Nottage makes a microcosm of Reading, Pennsylvania, which in 2011 was the poorest city of its size in all of the US; before that, it was a factory town, where people had one job to carry them from high school graduation to (hopefully) retirement and a generous pension. The playwright spoke with workers from the steel factory in Reading, who were 93 weeks into a lockout, essentially forced out of their jobs and watching their retirement plan - the whole plan, really - go up in a puff of smoke.

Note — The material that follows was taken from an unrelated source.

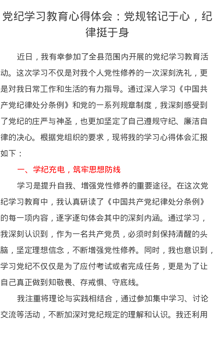 党纪学习教育心得体会:党规铭记于心,纪律挺于身

“Their stories broke my heart and invited me to see the world from another’s perspective; to be moved by people who I would not ordinarily encounter,” writes Nottage of Sweat. “As a Black woman from Brooklyn I hadn’t expected that I would be so profoundly moved by their predicament.”
There is something acutely ironic about a play that tells this story. For the most part, the people in Sweat couldn’t be more removed from the people who create and consume theatre. The fictional (but not really) steel factory workers of Reading, PA, live in a small world that extends from work to familiar dive bar to home, in a continuous circuit for their entire adult lives. Career risks aren’t celebrated - not even post-secondary education is universally admired - and no one, really, is planning for unforeseen circumstances. They’re in a union, after all.
It’s almost the opposite of the artist’s life, where artistic and professional fulfillment are considered worthy of risky actions like freelance work and international travel. Job insecurity is a given, the ever-changing gig the norm. And Nottage touches on that gulf that lies between the idea of a playwright and the idea of a factory worker; it’s about stereotypes, but it’s also about individual, real people.
Sweat is riveting; every scene draws a reaction. It’s real and organic, and not averse to great dramatic twists. I can tell it’s a good play - and a good production by David Storch - because by the end, I felt entirely differently about the characters than I had at the start. The idiot who opted for a face tattoo - reading “SKIN-swastika symbol-HEAD” - became a real person who acted badly out of misdirected rage and a limited world view. The laughable drunk becomes a woman who, only in hindsight, regrets that she never took charge of her life decisions, and the realization comes on like a black hole.
The play is certainly about a sliver of America, an exemplary story about what happened to working-class people between 2000-2008, during the time of George W. Bush and blaming poverty on minorities. But Sweat is unifying in a humbling way. Everyone has pride, the kind that occasionally blinds us to wise decision-making; everyone loses against corporate greed; there’s nearly always time for prejudice and ignorance. And, no matter how broke we are, we always find money to drink.